> **Dataset excerpt**

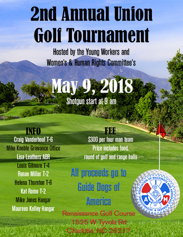 The 2018 Union Golf Tournament, Sponsored by the Young Workers and Women’s & Human Rights Committees is now open for registration! The Tournament will be Wednesday, May 9th at Renaissance Golf Course in Charlotte. Shotgun start at 9am. See the flyer for...
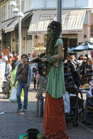 Прогулялись по набережной, поиграли в уличном спортгородке и углубились в центр. Рынок Кармель был следующим пунктом нашей прогулки. Освежившись свежевыжатым гранатовым соком мы углубились в тенистые ароматные торговые ряды. Прилавки ломились от овощей и фруктов. Футболки, магнитики и кипы, что еще нужно туристам. Горы клубники ранили нас в самое сердце. Специи проникали до самых потаенных уголков сознания а восточные сласти приказывали забыть о всех диетах мира. Выйдя с рынка, погрузились в атмосферу праздника, схожую с нашим Арбатом: вот мимо идет девушка из Аватара, а тут индеец поет национальные песни, стеклодув у вас на глазах плодит изумительных дракончиков, а кто-то, видимо чукча в чуме, ловит на зимнюю удочку в пимах, и варежках рыбешку в канализационном колодце.
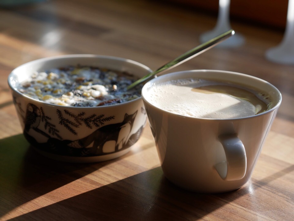 kahvia ja myslia Tältä näyttää aamupalani lähes joka aamu: mysliä, pähkinöitä, chia-siemeniä ja mantelimaitoa sekä tietenkin kahvia.
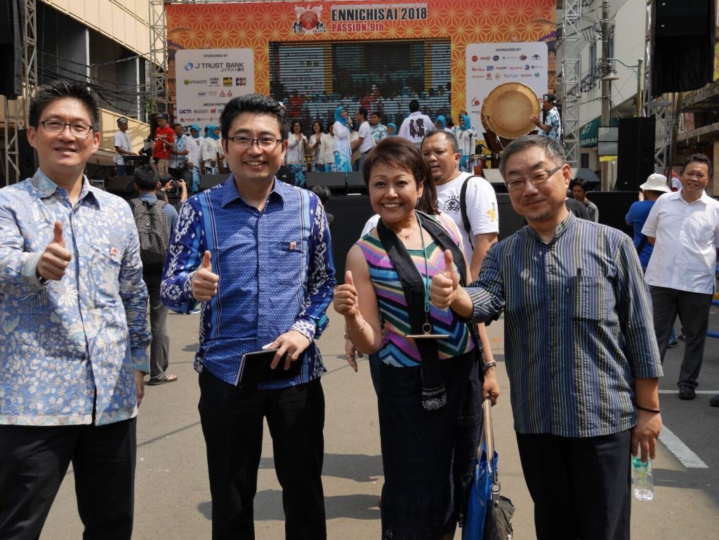 大使館の中村公使、国際交流基金の塚本所長、ジョグジャカルタ特別州政府観光局黒田さんと記念撮影後、 屋台を回りました。 讃岐出身の皆さんの屋台での、釜玉もおいしかったですし、インドネシアにはだしの意識が希薄なので、日

> **What this task involves**
Please set the data above down exactly, with the pictures removed.

> **Exercise output**
 The 2018 Union Golf Tournament, Sponsored by the Young Workers and Women’s & Human Rights Committees is now open for registration! The Tournament will be Wednesday, May 9th at Renaissance Golf Course in Charlotte. Shotgun start at 9am. See the flyer for...
 Прогулялись по набережной, поиграли в уличном спортгородке и углубились в центр. Рынок Кармель был следующим пунктом нашей прогулки. Освежившись свежевыжатым гранатовым соком мы углубились в тенистые ароматные торговые ряды. Прилавки ломились от овощей и фруктов. Футболки, магнитики и кипы, что еще нужно туристам. Горы клубники ранили нас в самое сердце. Специи проникали до самых потаенных уголков сознания а восточные сласти приказывали забыть о всех диетах мира. Выйдя с рынка, погрузились в атмосферу праздника, схожую с нашим Арбатом: вот мимо идет девушка из Аватара, а тут индеец поет национальные песни, стеклодув у вас на глазах плодит изумительных дракончиков, а кто-то, видимо чукча в чуме, ловит на зимнюю удочку в пимах, и варежках рыбешку в канализационном колодце.
 kahvia ja myslia Tältä näyttää aamupalani lähes joka aamu: mysliä, pähkinöitä, chia-siemeniä ja mantelimaitoa sekä tietenkin kahvia.
 大使館の中村公使、国際交流基金の塚本所長、ジョグジャカルタ特別州政府観光局黒田さんと記念撮影後、 屋台を回りました。 讃岐出身の皆さんの屋台での、釜玉もおいしかったですし、インドネシアにはだしの意識が希薄なので、日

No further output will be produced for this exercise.